We self host splunk and it can plow through petabytes of high cardinality data pretty dang fast. If the fields are not indexed and the search is complex, it can take minutes or hours. But usually, I can get live and historic data in a few seconds.

As an example, we have a pipeline of services. I can compute the time spent in each service with multiple levels of percentiles and group that data by high cardinality fields (as in, hundreds of thousands or more values). I just did a search for 4 hours of data across thousands of nodes for half a dozen or so services with multiple eval statements all piped to a timechart doing over a dozen stats operations. Half a billion events. It got done in under a minute.

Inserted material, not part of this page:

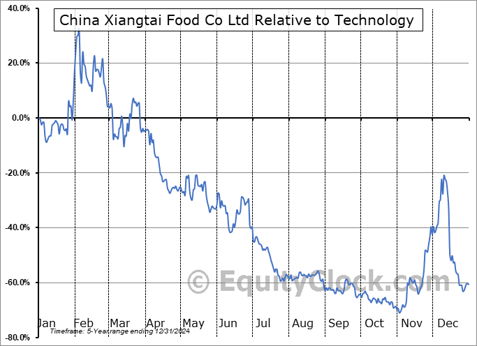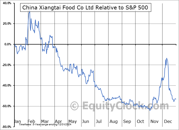 Analysis of the China Xiangtai Food Co Ltd (NASD:BTOG) seasonal charts above shows that a Buy Date of November 7 and a Sell Date of February 3 has resulted in a geometric average return of 41.16% above the benchmark rate of the S&P 500 Total Return Index over the past 5 years. This seasonal timeframe has shown positive results compared to the benchmark in 4 of those periods. This is a very good rate of success and the return strongly outperforms the relative buy-and-hold performance of the stock over the past 5 years by an average of 107.38% per year.

Splunk charges so much because they are just so dang powerful.

wenc · on April 13, 2020

This has not been true in my experience. I run a Splunk server in production and at my data volumes it has been very performant. It's also much easier to setup and maintain than ELK clusters.

In the early days Splunk pricing was exorbitant (we evaluated Splunk 7 years ago and dismissed it), but licensing has changed in recent years and it is now priced by volume ingested (the pricing is transparent and listed on their website now). At low volumes, the pricing is similar to Sumologic, and is pretty accessible now to smaller dev shops. Open-source collectors like fluentd also help to intelligently reduce the ingest volume.

At high volumes, the TCO changes quite a bit.

GiorgioG · on April 13, 2020

My experience is solely at work where we use Splunk Cloud and it's slow as molasses.

dzimine · on April 13, 2020

Does the speed matter? How exactly? I am genuinely curious: at Scalyr we _can_ be very fast but it is a balance with the cost that we want to pass on as price savings. Same with self-hosted Elastic: one can fine-tune it to be fast but minding the cost constraints gets it slower. WDYT?

m0xte · on April 13, 2020

Same experience. Also splunk forwarders appear to be universally unreliable.

sethammons · on April 13, 2020

we have extra monitoring for splunk forwarders, and even then we fail to notice them fail from time to time. Sigh.....

m0xte · on April 14, 2020

Yes same here. I actually monitor the throughput of the network interfaces on our forwarder with prometheus/statsd_exporter and if outbound is smaller than inbound it sets off alerts!

wenc · on April 13, 2020

Ours is self-hosted and is plenty fast. This might be something to bring up with the Splunk folks. Maybe their cloud side of things needs tuning.